All the more fitting for Solange, a sartorial icon, was that this particular evening was dedicated to the merging of fashion and dance; as with every annual Fall Fashion Gala, the NYCB tapped high profile designers for inventive costuming. For “Play Time,” Reisen collaborated directly with Spanish menswear designer Alejandro Gómez Palomo, inspired by his genderless, deconstructed suit forms. His clothes had a romantic Wall Street vibe that Reisen was attracted to, and she felt that these “angular shapes could translate well to the ballet stage,” she explained in the program’s opening video. To boost the extravagance, Reisen and Palomo decided to encrust each pinstripe with Swarovski crystals, with around 800,000 gems used in total. After colorful costumes were brought to Solange to inform her score, Reisen came up with the choreography based on her collaborators’ bold offerings, resulting in a singular piece that pushed hard into exuberance and whimsy.

New York City Ballet in the world premiere of “Play Time” (Photo by Erin Baiano)

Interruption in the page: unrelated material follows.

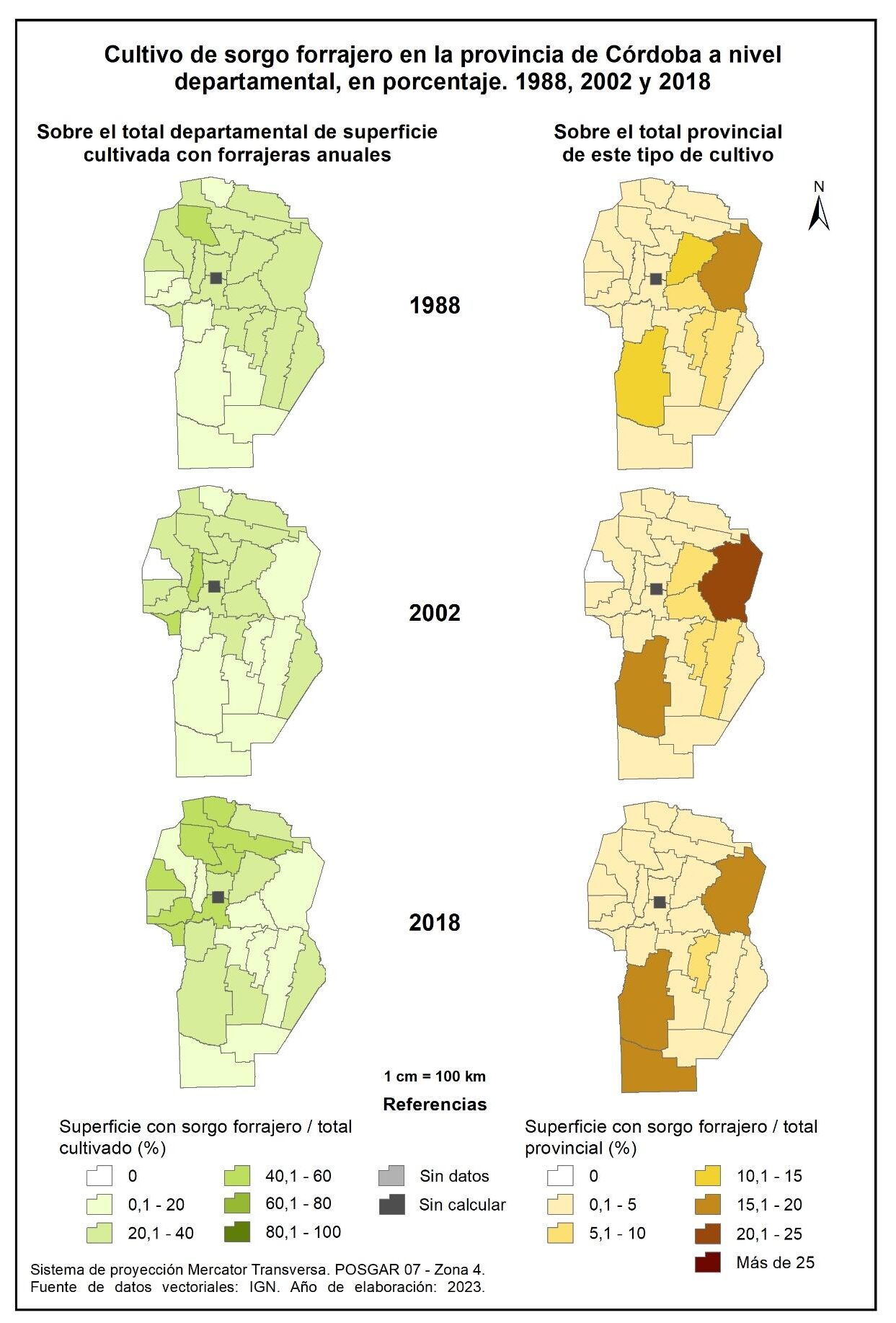 Figura 3.21. Cultivo de sorgo en la provincia de Córdoba a nivel departamental, en porcentaje. Años 1988, 2002 y 2018.

There was a collective gasp when the curtain raised for “Play Time,” revealing the five initial dancers on stage, each taking on a vibrant monochrome of teal, pink, purple, yellow, and aqua. Splitting the difference between cartoon-finance-bro villain and high-fashion Teletubby, some of them had exaggerated shoulder pads; others had boxy skirts; a few donned scuba cap-like headgear; all of them were glittering. The score opened with inquisitive string lines, horns, and percussion that alternated between moments of slinkiness and jazzy chaos, a shimmering harp entering the bursts of organized noise. It brought to mind Solange’s collaborators Standing on the Corner, a New York City experimental jazz collective, who bring vastly different instrumentalists together to form a cacophonous harmony. (Solange also planted some of her other previous collaborators, bassist Endea Owens and drummer Jharis Yokley, with the NYCB orchestra for the performance.)

The 16-minute piece’s joyously excessive choreography demanded every second of the viewer’s attention. Moving to plucked double bass, pentatonic descending chords on the piano, and little bells, the dancers kept things light and slinky, flicking their arms and legs as if they were tickling tendrils. Then came somber piano and searching brass lines, which were accompanied by a soloist in a dark blue pantsuit, whose sprightly leaps were rounded out by sensuous hip rolls. There were flutes for a partnered dance that borrowed from Latin ballroom dance, and then a lively group section to match the kind of minimal jazz piano chords that Solange uses so frequently in her recorded work. Timpani and cymbals rolled in like a torrential storm, as a soloist in a white dress splayed out her limbs in flamboyant anguish.

New York City Ballet in the world premiere of “Play Time” (Photo by Erin Baiano)

Even when cycling through different moods, there was an emphasis on silliness, like when all 10 dancers started marching across the stage, alternating their box-shaped arms up and down, as if they were 8-bit monsters in a video game. The performance ended triumphantly with stern brass and woodwind blasts, suggesting finality. By then, there had been embraces, a cheeky shoulder roll or two, and partnered sequences that never felt rigid—adding to the sense of queerness offered by the costuming, which included putting skirts on the male dancers and suit forms on the female dancers. The whole presentation used gender as another plaything, shaking it up like a colorful rattle.

As with most of her creative pursuits, Solange’s score was a full circle moment to her childhood in Houston, Texas. After watching Lauren Anderson, a pioneering Black principal dancer at Houston Ballet as a young girl, she began harboring a dream of attending Juilliard, she once told T Magazine. Now with “Play Time,” held just feet away from that famed performing arts school, Solange and her collaborators are proposing that unconventional perspectives could not only find a home there, but wriggle in with delight.